And finally, at a time of macro uncertainty, we remain focused on the things we can control to create long-term shareholder value. With that, let me baton to Steve to talk more about our cash generation to shareholders. Steve?

Steve Sanghi: Thank you, Ganesh and good afternoon, everyone. I would like to provide you with a further update on our cash return strategy. The Board of Directors approved an increase in the dividend of 10.7% from the year ago quarter to a record $0.454 per share. During the last quarter, we purchased $72.7 million of our stock in the open market. We also paid out $242.6 million in dividends. Thus, the total cash return was $315.3 million. This quarter, our total cash return was reduced by the cash outlays for the recent acquisition of BSI and Euronics. When you combine the dividend buyback and acquisition-related cash outlays, this amount was 87.5% of our actual adjusted free cash flow of $389.9 million during the March 2024 quarter.

Our net leverage at the end of June 2024 quarter was 2.02x. Ever since we achieved an investment-grade rating for our debt in November 2021 and pivoted to increasing our capital return to shareholders, we have returned a total of $4.6 billion to shareholders through June 30, 2024, by a combination of dividends and share buybacks. During this period, our share buyback in the open market was approximately 31.2 million shares representing approximately 5.8% of our shares outstanding. In the current September quarter, we will use the adjusted free cash flow level from the June quarter to target the amount of cash returned to shareholders. Our adjusted free cash flow for the June quarter was $301.3 million. So our target return to shareholders would be 92.5% of that amount, minus a small payment made for acquisitions.

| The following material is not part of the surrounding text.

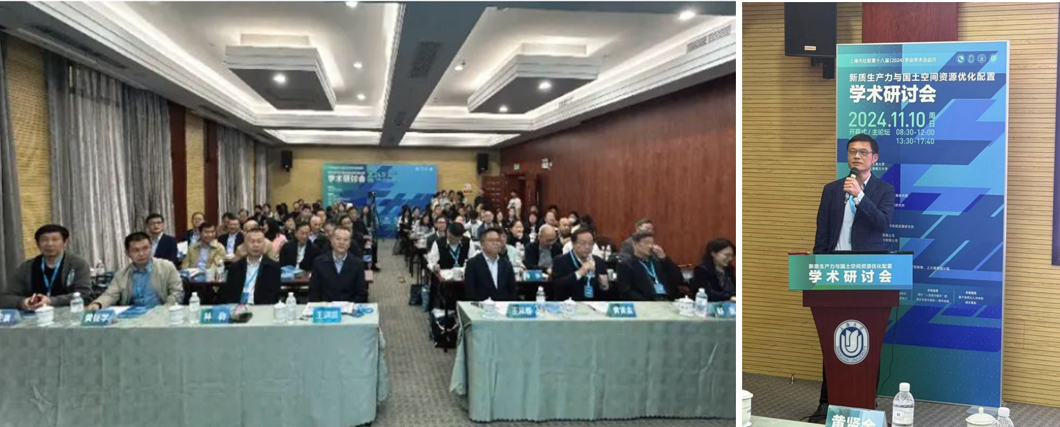 2024年11月10日,“新质生产力与国土空间资源优化配置”学术研讨会在上海大学延长校区揭开帷幕,本次研讨会由英国上市365官网、上海财经大学、上海大学、上海市土地学会联合主办,英国上市365官网等联合承办。研讨会由上午6场主旨报告,下午5个分论坛,共计58场学术报告组成。来自清华大学、南京大学、同济大学、华中农业大学、自然资源部、《中国土地科学》编辑部、中国土地学会、上海市土地学会、上海市地质勘查技术研究院、上海联城房地产评估咨询有限公司、上海营邑城市规划设计股份有限公司、上海财经大学、上海大学、英国上市365官网、华东师范大学等单位的专家学者和研究生百余人出席了研讨会,分享了他们的观点和实践探索。英国上市365官网常务副院长潘华出席研讨会并主持了上午主会场第二阶段的特邀报告。

Our resulting cash return to shareholders will be approximately $261 million. Out of that amount, dividends are expected to be approximately $243.8 million and our expected stock buyback will be approximately $17.2 million. Going forward, we plan to continue to increase our adjusted free cash flow return to shareholders by 500 basis points every quarter until we reach 100% of our adjusted free cash flow returned to shareholders through dividends and share buybacks. That will take 2 more quarters and we expect that dividend over the long run will represent approximately 50% of our cash returned. We also announced today that effective at the close of business on August 20 which is the date of our Annual Shareholders’ Meeting, I will transition from Executive Chair to being the Non-Executive Chair of the Board.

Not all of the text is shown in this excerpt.